Once you have children you can now expect to watch any given film at least a dozen times in a row until you pray for the sweet release of death in order to not hear cartoon animals talk about friendship. In my house, my daughter has recently rediscovered The Incredibles, or as she calls it, The Amazing I-Man.
Somewhere between the eighth and the ninth run through last week I started to realize that the whole thing is really just a cartoonish representation of the ideas put forward in Atlas Shrugged. It doesn't mesh up perfectly, as we'll see, but sometimes it really is eerie how well the two works compliment each other.
The Fall of the Elite
When The Incredibles opens up we see a society that is openly policed by super-powered ubermensch. These highly gifted individuals perform wonders for society, and receive as their due admiration, obedience, and as implied by the special features on the DVD release some sort of monetary compensation and support for their services from the government.
All that comes crashing down when Mr. Incredible saves a man from suicide and is subsequently and successfully sued in a frivolous lawsuit that sparks a series of legal challenges that unfairly brings the age of the hero to a close.

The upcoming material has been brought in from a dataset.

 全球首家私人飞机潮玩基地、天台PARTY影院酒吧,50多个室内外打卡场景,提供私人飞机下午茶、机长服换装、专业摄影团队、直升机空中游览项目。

That's exactly how the world of Atlas Shrugged begins its descent as well. Midas Mulligan is sued by people he denied an investment loan to, and a federal judge dedicated to the flawed fairness ideals that are the obsession of the novel's protagonists rules against him. Just as the superheroes in Pixar's world go into hiding, so is Mulligan the first to leave Rand's world to its own devices over the act.
The Weight of the World
What is Mr. Incredible's punishment and purgatory? He goes from feats of daring do to working as an unappreciated insurance agent. In that position he is able to help people, but only from the corruption of his own company, and as evidenced by a mugger he is unable to stop without being fired the world is clearly unable to continue as it did without his and his peers' special gifts.

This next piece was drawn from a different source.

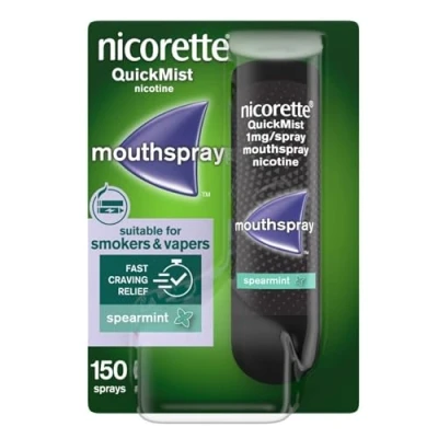 Nicorette QuickMist Mouthspray, Spearmint (1 x 150 Sprays), Quit Smoking or Vaping Aid, Designed to Start Reducing Cravings in 30 Seconds (Quit Aid)

The insurance company represents two of the three antagonistic forces of Atlas Shrugged First, by nature insurance is inherently socialist. The means of the many to the needs of the few. Yet despite all that it clearly can't (Or won't) help an old lady with a legitimate claim without prodding, and reacts with indifference to a man being injured from assault.
This shows of the other force, inept capitalist unwilling to subvert to their betters. When Mr. Incredible's boss sneers about his profits over the protection of others, he is essentially just like James Taggart trying to circumvent Dagny Taggart's running of their railroad. In both cases a gifted person is in a submissive place from which they can only act covertly because an unfair bureaucracy has placed their inferiors ahead of them in a chosen task.